Wabup Meranti: Ditangan Seniman Tradisional Identitas Bangsa Terpelihara

Dibaca: 688 kali  Senin,21 November 2016 | 11:59:00 WIB

Wabup Meranti: Ditangan Seniman Tradisional Identitas Bangsa Terpelihara
Ket Foto : foto bersama usai penyerahan piagam penghargaan

SELATPANJANG - Wakil Bupati Kepulauan Meranti, Drs H Said Hasyim mengapresiasi perhelatan Bokor Music World Festival 2016, menurutnya ditangan seniman tradisional identitas suatu bangsa dapat terpelihara.

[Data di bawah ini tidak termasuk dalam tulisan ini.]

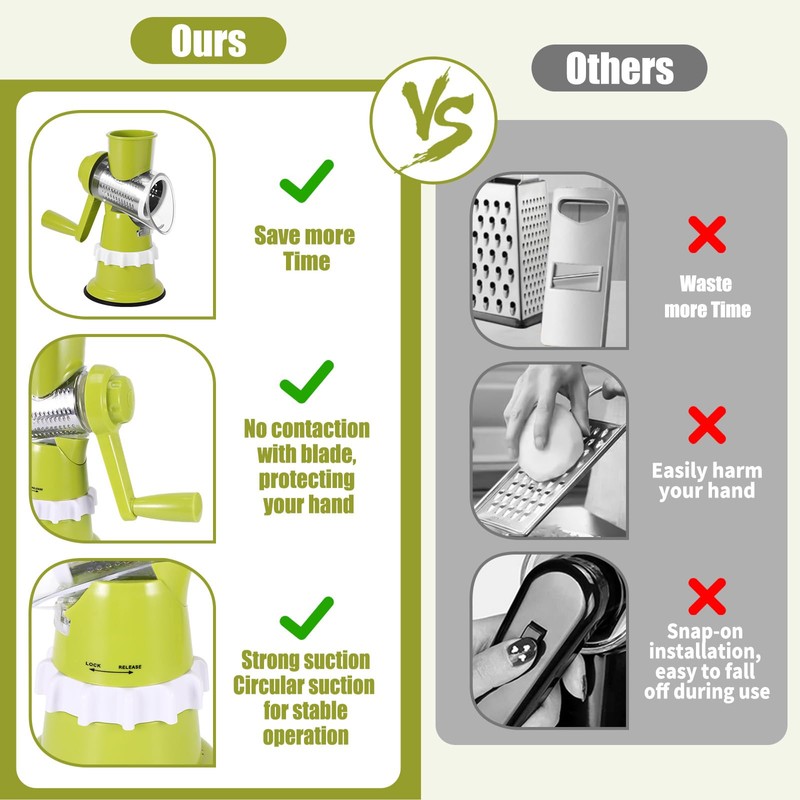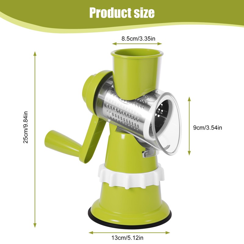 - 🍽️ Stable Base with Strong Suction Cup: Designed with a powerful suction base, this rotary grater stays firmly in place on your countertop, providing a stable and efficient slicing experience. The ABS body contributes to the lightweight yet sturdy feel, making it easy to operate without slipping. The thoughtful detachable design also makes cleaning and storage a breeze, keeping your kitchen neat and organized.

Oleh karenanya, itu merupakan sebuah tantangan berat yang ada dipundak para seniman, dalam mensosialisasikan seni budaya kepada masyarakat agar lebih mencintai kebudayaan sendiri.

"Kita harap melalui tangan para seniman tradisional akar budaya Indoneisa yang menjadi identitas bangsa tidak lekang dimakan zaman," ungkapnya, saat membuka Bokor Music World Festival 2016, di Desa Bokor, Rangsang Barat, Sabtu malam (19/11/2016).

Kegiatan Bokor World Music Festival terselenggara atas kerjasama Dinas Pariwisata dan Ekonomi Kreatif Provinsi Riau bekerjasama dengan Dinas Pariwisata Kabupaten Kepulauan Meranti serta Sanggar Bathin Galang.

Wakil Bupati mengucapkan apresiasi atas terselenggaranya acara itu, terutama kepada seluruh musisi, sanggar musik yang berasal dari dalam maupun luar negeri yang turut berpartisipasi langsung dalam helat itu.

"Saya sangat mengapresiasi kegiatan ini sebagai bentuk upaya bersama melestarikan kearifan lokal, khususnya di Desa Bokor yang tidak pernah absen mengangkat potensi lokal daerah," ujar Said Hasyim.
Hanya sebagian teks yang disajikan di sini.